I understand that the A-Fibs might one day return, but I’ve got Dr. O’Neill and all of those wonderful people at Mercy General as my “Ace in the Hole”. I would have no hesitation in returning to them for a tune up if, or when, that day should ever arrive.
I feel a little foolish now, a little sheepish, that I had made such a big thing out of getting this procedure done. I won’t tell you that it was the most fun that I’ve had recently. But the experience for me was something of an adventure, and not one that I regret in the least.
Mike’s story is certainly a cautionary tale about today’s medications for A-Fib. He tried nearly every one with no or bad effects. In particular his doctor should never have left him on amiodarone for eight years. Though amiodarone is perhaps the most powerful antiarrhythmic med, it’s also the most toxic. If prescribed at all, it’s usually only given for short periods of time and is closely monitored for bad effects. (For a further discussion of amiodarone, see Amiodarone: Most Effective and Most Toxic.)
We can all learn from Mike’s diligence and persistence in finding the right doctor. It isn’t always easy. Sometimes you really have to work at it. There’s a tendency in all of us when we’re sick to seek a savior in a doctor, to confide in this person so we won’t have to make any decisions, to be submissive to this authority figure rather than proactive. But we can’t afford to do that. Be like Mike! Doctors are human beings and aren’t infallible. The answers they have may not be the right ones for you. (For further advice on finding the right doctor for you, see Find the Right Doctor.)
Was Mike right in not choosing surgery? Current guidelines say yes. Surgery isn’t recommended as first line therapy, while catheter ablation is. In general surgery is more traumatic and risky, and isn’t recommended as a first treatment strategy for people with A-Fib. And the “Totally Thoracic Mini Maze” creates much more extensive burns on the heart than a simple Mini Maze. But surgery does have its place and uses, for example if someone is allergic to blood thinners. (See Cox Maze and Mini-Maze Surgeries.)

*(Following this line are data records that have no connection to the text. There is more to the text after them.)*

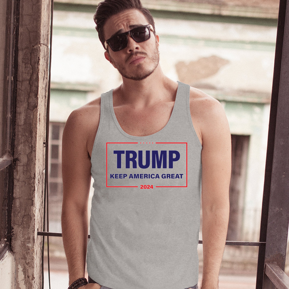 TRUMP KEEP AMERICA GREAT 2024 tank top re-elect donald trump maga men's top gray
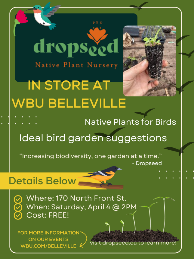 Dropseed, a native plant nursery located in Picton, will be "Dropping in" to our store to talk all about native plant gardens, bird friendly native plants, and ideal bird garden suggestions! This is an event you should be sure to attend! Please visit our Facebook Events page HERE to register for this event!
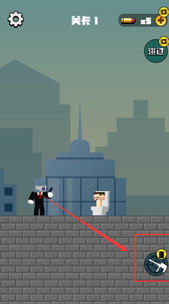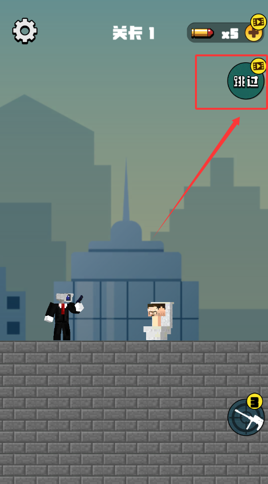 1、进入游戏后首先完成基础射击训练,通过虚拟摇杆控制角色移动,并利用瞄准按钮锁定马桶人目标。

It’s a tribute to Dr. O’Neill that he could make Mike A-Fib free after one ablation, considering that Mike had been in A-Fib for 18 years and probably had many more A-Fib producing spots in his heart than the average patient. Mike’s catheter ablation wasn’t easy. Two of his pulmonary veins merged into a common trunk with a very wide opening, which is a real challenge to ablate/isolate. It’s not easy making consistent point-by-point RF lesions around such a wide surface. Also, Dr. O’Neill had to hunt down and ablate A-Fib producing spots in other areas than the pulmonary veins. (And doesn’t Mercy Medical Center in Sacramento sound wonderful?)
It’s really remarkable that Mike could live in paroxysmal A-Fib for 18 years and not progress to Chronic (all-the-time) A-Fib. In one study over half the people who developed paroxysmal A-Fib turned Chronic after only one year. Perhaps Mike’s athleticism and fitness kept his A-Fib from getting worse. In most people A-Fib is a progressive disease that remodels the heart and gets worse over time. If you have A-Fib, you should be treated as reasonably soon as possible. Staying in A-Fib for over a year runs the risk of permanently remodeling and damaging your heart, developing fibrosis, etc. Though most of the remodeling effects of A-Fib are often reversed after a successful catheter ablation (with the exception of fibrosis), it’s best to be made A-Fib free as soon as you can.